Since two stations with the same MAC address cannot peacefully co-exist on a LAN, the hacker must find the MAC address of a mobile station that is removed from the premises at particular times of the day. It is during this time when the mobile station (notebook computer) is not present on the wireless LAN that the hacker can gain access into the network. MAC filters should be used when feasible, but not as the sole security mechanism on your wireless LAN.


Protocol Filtering

Wireless LANs can filter packets traversing the network based on layer 2-7 protocols. In many cases, manufacturers make protocol filters independently configurable for both the wired segment and wireless segment of the access point.

Imagine a scenario where a wireless workgroup bridge is placed on a remote building in a campus wireless LAN that connects back to the main information technology building's access point.
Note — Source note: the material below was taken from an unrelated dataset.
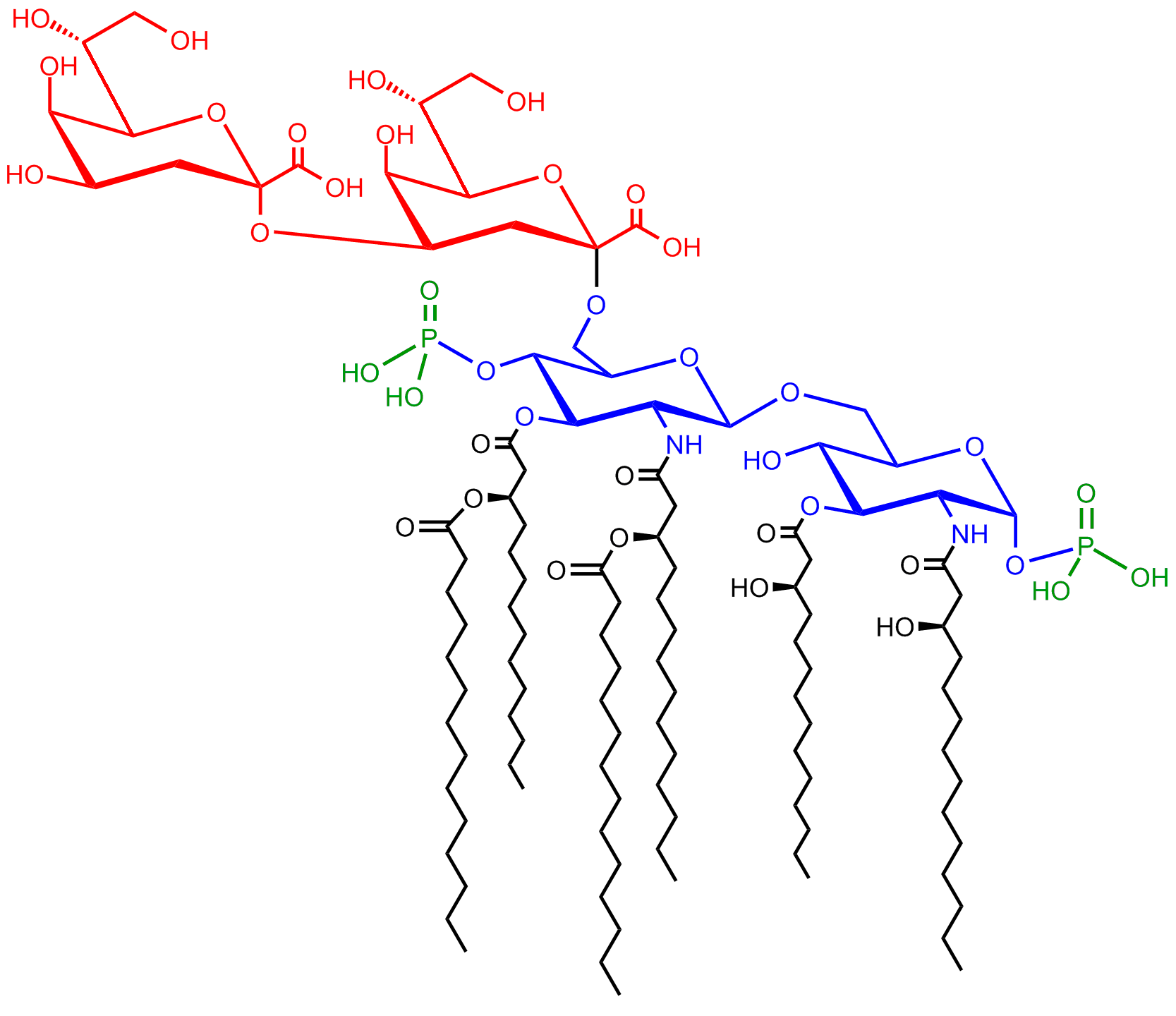 Structure of the (3-deoxy-D-manno-octulosonic acid)2 Lipid A endotoxin from E. coli K-12

Because all users in the remote building are sharing the 5 Mbps of throughput between these buildings, some amount of control over usage must be implemented. If this link was installed for the express purpose of Internet access for these users, then filtering out every protocol except SMTP, POP3, HTTP, HTTPS, FTP, and any instant messaging protocols would limit users from being able to access internal company file servers for example. The ability to set protocol filters such as these is very useful in controlling utilization of the shared medium. Figure 10.5 illustrates how protocol filtering works in a wireless LAN.